#### [What to do]
The answer must reproduce exactly the lines from the one with "チャイナドレスを作るときにで" through the end of the material, and it must contain no pictures.

#### [Data below]
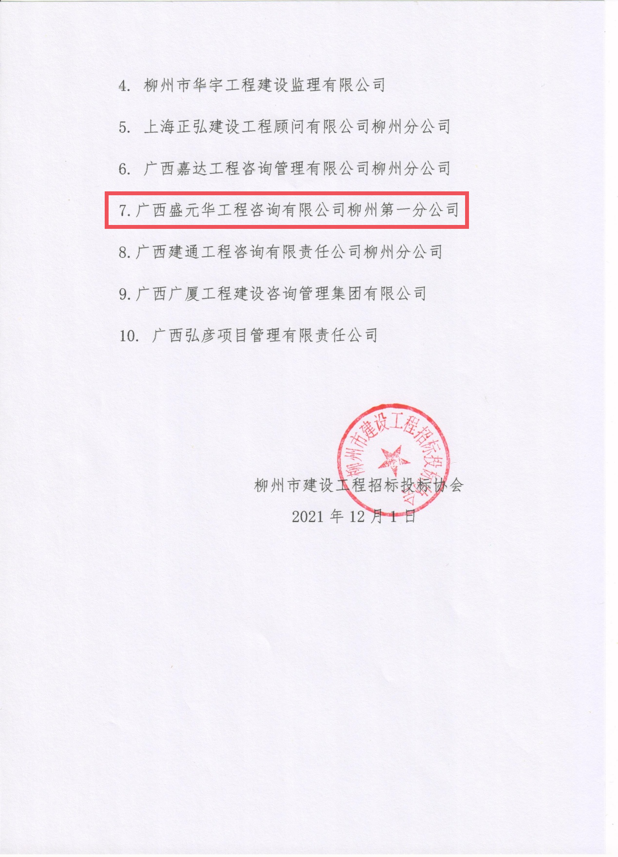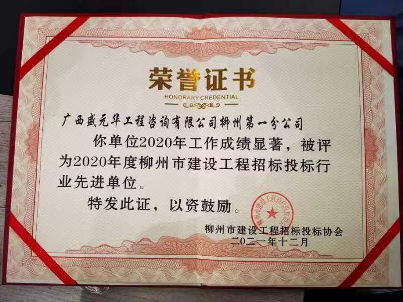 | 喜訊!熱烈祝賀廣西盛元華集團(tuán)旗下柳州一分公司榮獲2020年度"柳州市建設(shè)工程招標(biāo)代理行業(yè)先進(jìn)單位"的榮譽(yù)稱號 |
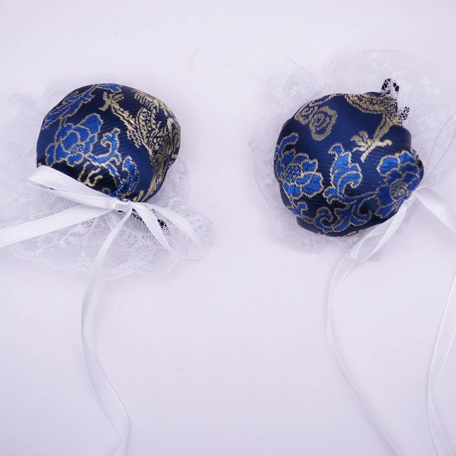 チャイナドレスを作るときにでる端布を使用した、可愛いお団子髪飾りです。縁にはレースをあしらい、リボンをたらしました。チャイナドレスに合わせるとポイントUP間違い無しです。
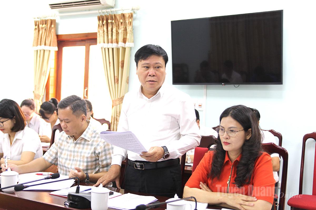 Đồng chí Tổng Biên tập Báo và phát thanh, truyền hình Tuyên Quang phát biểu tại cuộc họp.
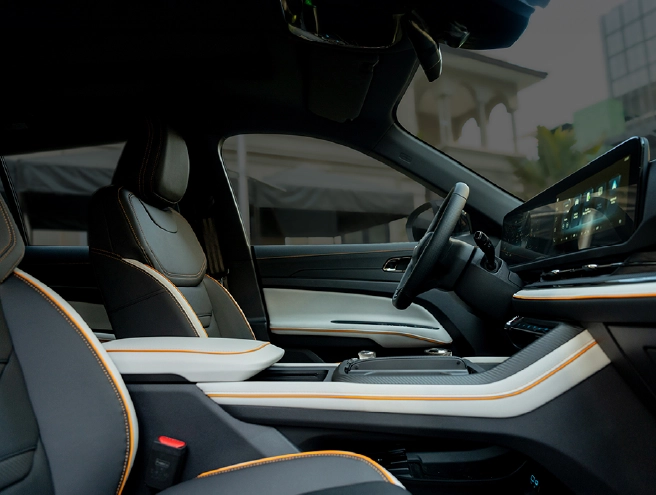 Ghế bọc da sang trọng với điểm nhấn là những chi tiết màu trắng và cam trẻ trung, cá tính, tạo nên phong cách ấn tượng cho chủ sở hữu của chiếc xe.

#### [Reply to the task]
 チャイナドレスを作るときにでる端布を使用した、可愛いお団子髪飾りです。縁にはレースをあしらい、リボンをたらしました。チャイナドレスに合わせるとポイントUP間違い無しです。
 Đồng chí Tổng Biên tập Báo và phát thanh, truyền hình Tuyên Quang phát biểu tại cuộc họp.
 Ghế bọc da sang trọng với điểm nhấn là những chi tiết màu trắng và cam trẻ trung, cá tính, tạo nên phong cách ấn tượng cho chủ sở hữu của chiếc xe.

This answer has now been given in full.